После автора ареопагитских творений и св. Максима, на третьем месте по своему значению для Эригены из восточных писателей должен быть поставлен св. Григорий Нисский с его произведением «О создании человека» (???? ?????????? ?????????), у Эригены обыкновенно называемым Sermo de imagine, слово об образе Божием в человеке, или просто De imagine[281]. Познакомился философ с этим произведением во всяком случае сравнительно в позднее время[282]. В трактате Григория он мог найти цельное, если и не в собственном смысле систематическое изложение богословской антропологии востока, принимаемой и Максимом, которому хорошо были известны воззрения Григория Нисского. По своему языку это произведение являлось гораздо более доступным, нежели творения Дионисия и Максима. Какое значение имел для Эригены труд «великого» Григория, «святейшего и мудрейшего учителя»[283], об этом можно судить уже по тому, что он находит нужным и полезным, вполне согласным со своими целями, ввести в сочинение «О разделении природы» в буквальном переводе все существенное из названного трактата, заимствуя из него многие главы в целом или почти целом виде (XI, XIV, XV, XVI, XVII, XIX, XX, XXI, XXIV), несмотря даже на свой общий принцип приводить цитаты из отцов только {Лди тех, которые не могут постигнуть силы доводов, представляемых разумом, и нуждаются для успокоения в ссылке на какой?либо авторитет. Усвояя себе учение Григория о человеке, к тексту его сочинения он хочет привязать свои собственные рассуждения[284]. Лишь однажды Эригена высказывает свое несогласие с мнением Григория (и вместе Василия Великого), предполагая, впрочем, в то же время, что это мнение относится лишь к экзотерическому учению и высказано с особой целью[285].
Таким образом, из поименованных представителей восточного спекулятивного богословия, одного, автора ареопагитских творений, Эригена не только знал и изучал в подлиннике, но и перевел в целом виде на латинский язык и частью комментировал в особом труде; с другим, св. Максимом Исповедником, имел возможность познакомиться по двум наиболее обширным и содержательным его произведениям и через перевод одного из них желал познакомить и других на западе; с третьим, св. Григорием Нисским, был знаком хоть по единственному и необширному, но весьма важному и характерному сочинению в подлиннике.

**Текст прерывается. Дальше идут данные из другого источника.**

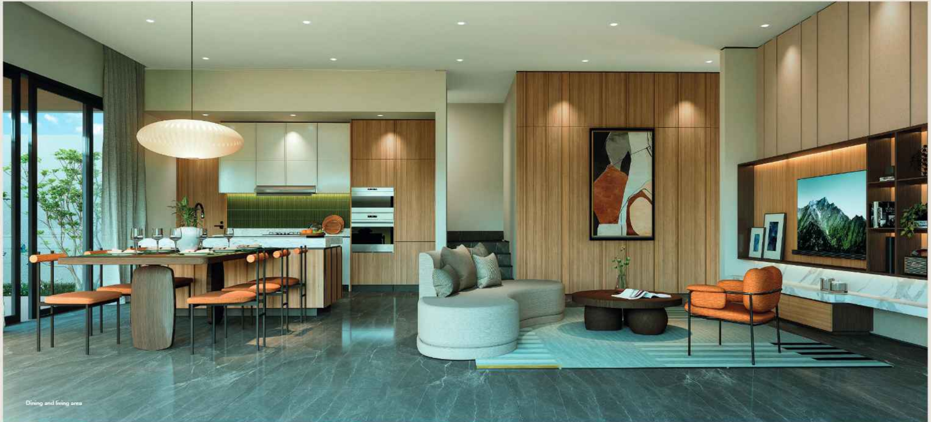
Dining and living area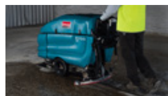
SWEEPING & SCRUBBING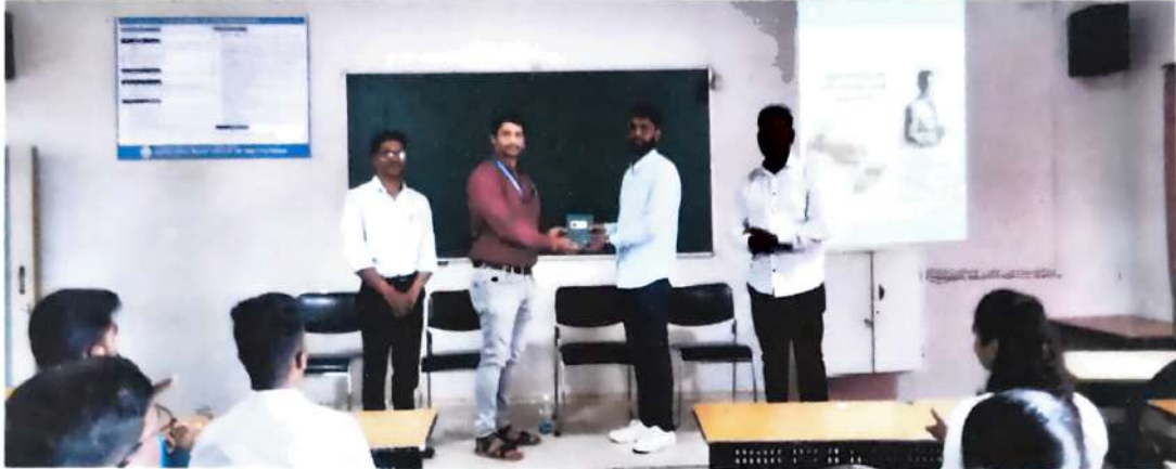
Welocme & Felicitation of Resource Person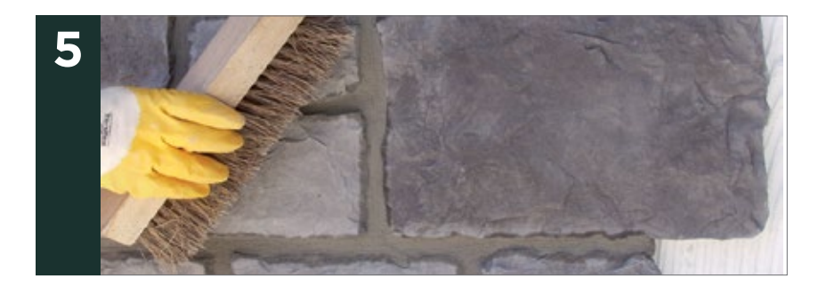
Clean the stones by using a dry paint brush.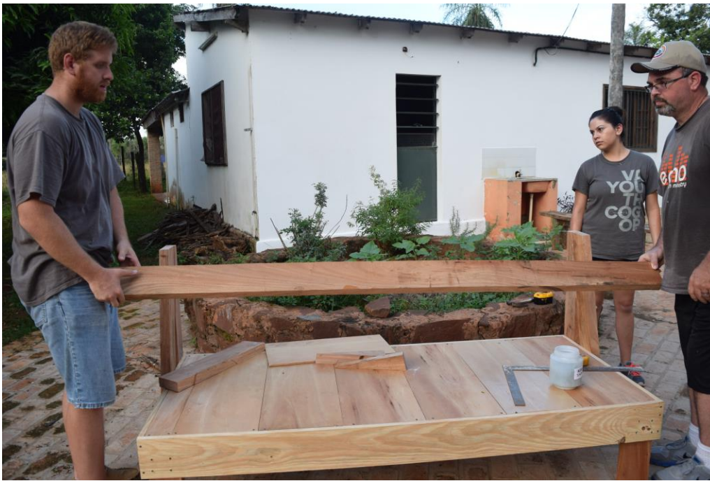
SPREADING GOD'S LOVE IN PARAGUAY WITH THE POWER OF MUSIC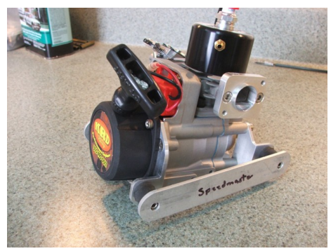
Step 2 • Place drill plates on both sides of motor.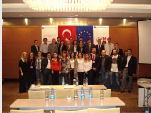
GEM and ATCEA members in family photo at the closing of 1 st GEM Conference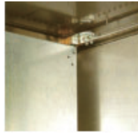
High IP degree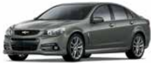
MYSTIC GREEN METALLIC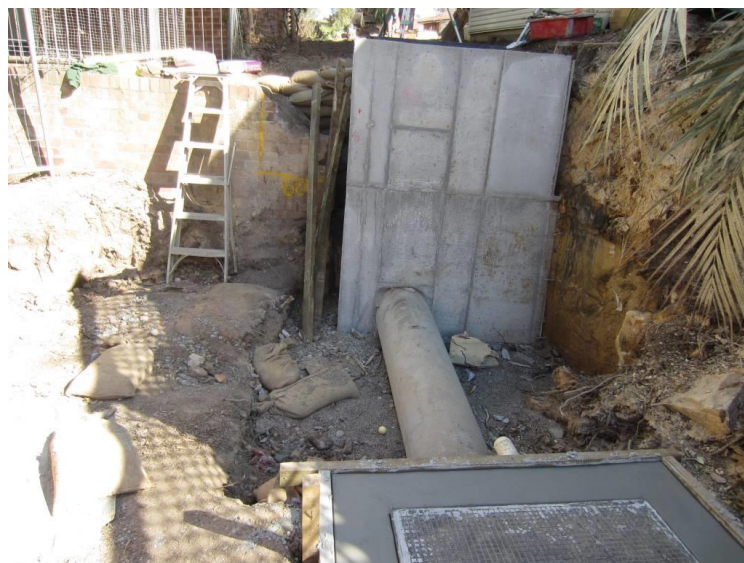
Above: Stormwater asset renewal at Gwendale Crescent, Eastwood. Completed July 2013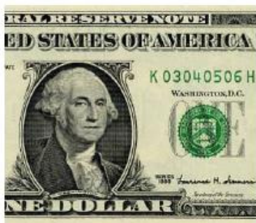
Board of Regents (Immanuel Lutheran College) 47 cents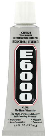
JG6000S 29.7 ml (1 FL. OZ.)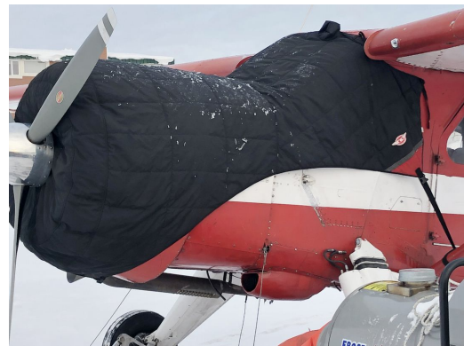
Turbo Beaver Cockpit Cover, Prop Tie/Exhaust Covers, Engine Plug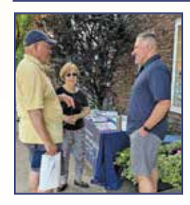
It's always a great time here at Souderton Third Fridays!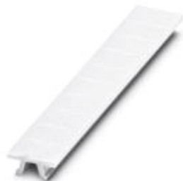
Zack marker strip, 10-section, horizontally labeled with the consecutive numbers: 51 ... 60, white, width: 6 mm

Please be informed that the data shown in this PDF Document is generated from our Online Catalog. Please find the complete data in the user's documentation. Our General Terms of Use for Downloads are valid ( http://phoenixcontact.com/download )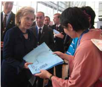
U.S. Secretary of State Hillary Clinton

Yokohama City have promoted “APEC Japan 2010 in YOKOHAMA” and “Convention city Yokohama” at its booth at the APEC 2009 in Singapore (November 9 – November 15, 2009). At the booth, the city of Yokohama was interviewed by media from home and abroad, and was visited by U.S. Secretary of State Hillary Clinton, Minister of Foreign Affairs Katsuya Okada and Minister of Economy, Trade and Industry Masayuki Naoshima. In addition, Yokohama studied local situations such as influence on civic life and the traffic regulation in Singapore.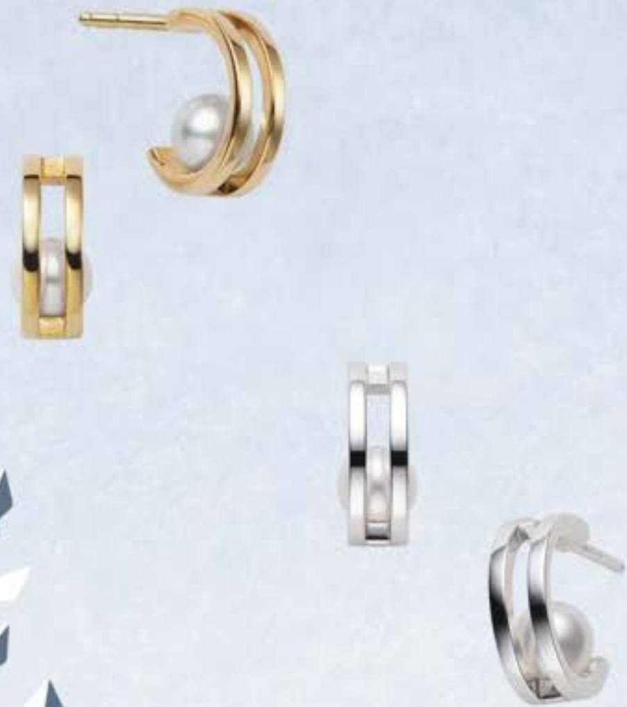
Earrings Left MEQ10160AXXK US $1,300 Earrings Right MEQ10160AXXW US $1,300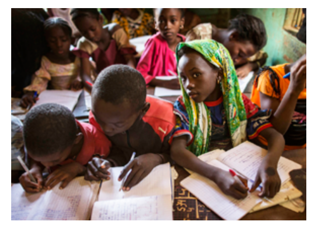
Students from different ethnic groups attending a class, Gao

International education aid has declined since 2007, resulting in fewer funds for public education. Educational funds are concentrated in Bamako, resulting in money being disproportionately distributed to secondary and higher education.<sup>22</sup> Producing textbooks in Mali's 13 national languages, as well as training teachers and offering them better wages and working conditions, remains a challenge. Without adequate funding, Mali's youth remain at a disadvantage.<sup>23</sup>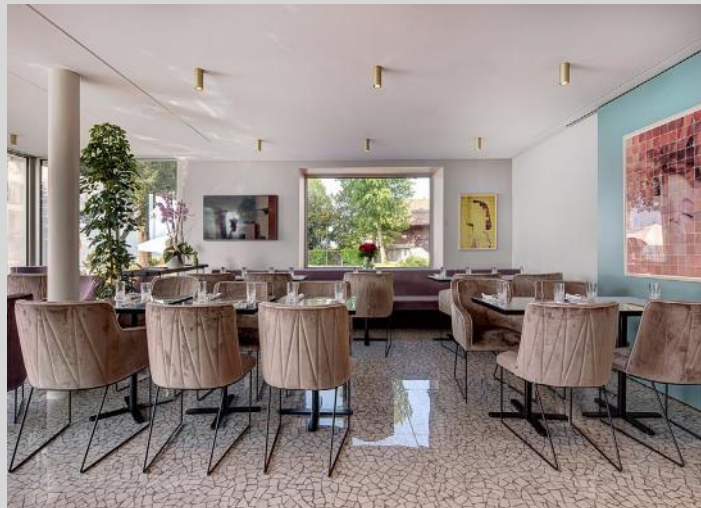
Hôtel du Léman - SWITZERLAND - White acoustic ceilings Installation: ABRUIM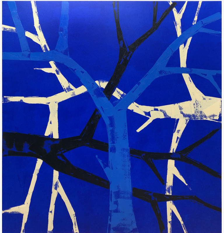
Snowman 1, 2022 Oil, Acrylic on Canvas By George Lawson, 70 x 66 in

While viewers may likely see pictures of trees with crisscrossing "limbs" at different times of year in various lighting conditions -- these paintings are just as much about examining how paint can be manipulated, as well as the exploration of color combinations that lay between harmony and dissonance. The imagery also speaks to the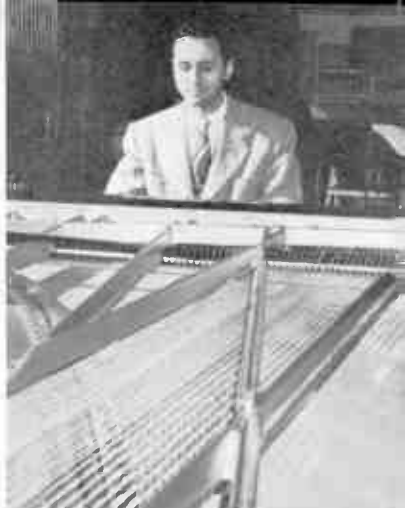
Pianist Leonard Pennario appears with the Hollywood Bowl Symphony in Capitol album, "Concertos Under the Stars." It's out now.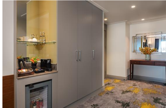
Deluxe Room City View

We deliactely prepare all details to make you feel like home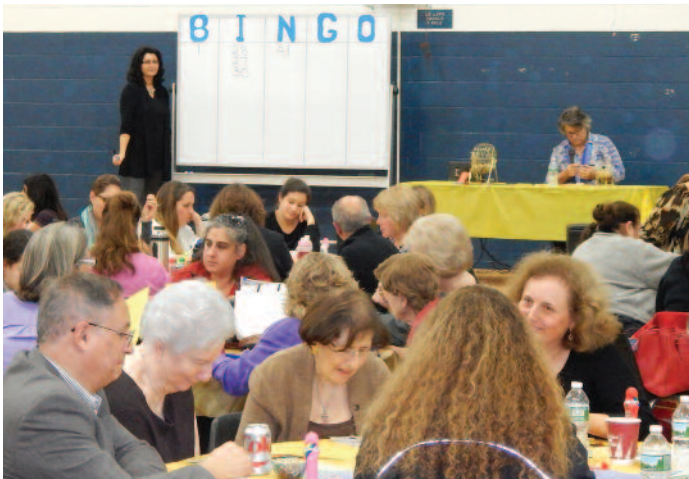
There were over 230 in attendance at the annual, and ever enjoyable, Turkey Bingo held in SAC and put by our Ladies Philoptochos.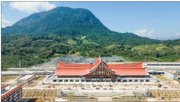
Aerial photo taken on 22 November 2021 shows the Luang Prabang station along the China-Laos Railway in Luang Prabang, Laos. Luang Prabang, the ancient capital of Luang Prabang Province in northern Laos, lies in a valley at the confluence of the Mekong and Nam Khan rivers. Inhabited for thousands of years, it was the royal capital of the country until 1975.

The full operation of the China-Laos Railway, and the draws of scenic Vangvieng, the Luang Prabang World Heritage Site and the low value of the kip are among the main attractions for visitors from neighbouring countries. —Xinhua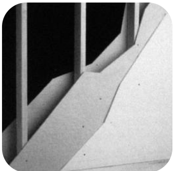
Sound Deadening Deadens sound in residential or commercial buildings. Used in single or multi-family housing, professional buildings. Useful in room partitions.

Что касается других представителей восточного богословия, которые были известны Эригене, то большее или меньшее значение для западного философа мог иметь Ориген, уже задолго до него известный на западе. Но последнего и он читал только в переводах Руфина. Руфин же, как известно, дал латинским читателям не настоящего Оригена, и цитируемые философом произведения его, ???? ?????? и комментарий на послание к Римлянам, и представляют именно не столько перевод, сколько тенденциозную переделку подлинника, за которой часто невозможно узнать подлинные воззрения автора в их существенных пунктах[286]. Неизвестно, насколько вообще Эригена был знаком с позднейшими суждениями о неправославном характере оригенизма. Он не соглашается в одном месте с Епифанием, который не одобряет Оригена за понимание рая в духовном смысле и за аллегорическое толкование кожаных риз, данных от Бога согрешившим людям, — ибо Оригену следуют в последнем случае почти все греческие и латинские писатели ’, относительно же рая мнение Оригена подтверждают, например, Григорий Нисский[287] и Амвросий, прямо, как догадывается Эригена, следующий Оригену[288]. Сам он «великого Оригена, тщательнейшего исследователя вещей», «верховнейшего истолкователя Св. Писания»[289] называет «блаженным» и усвояет ссылке на него доказательность, какая принадлежит только ссылкам на авторитет «священных отцов»[290]. Может быть, общая концепция оптимистической системы оригенизма не осталась без влияния на него, равно и некоторые частные мысли. Но в то же время не видно, как относится философ к специфическим особенностям этой системы. Они как бы проходят бесследно для него, частию, конечно, благодаря свойствам перевода Руфина, частию же вследствие того, что главное внимание его было обращено на позднейшие произведения богословской спекулятивной мысли, представлявшие в известном отношении отрицание и как бы замену оригенизма (ареопагитская система и августинизм)[291].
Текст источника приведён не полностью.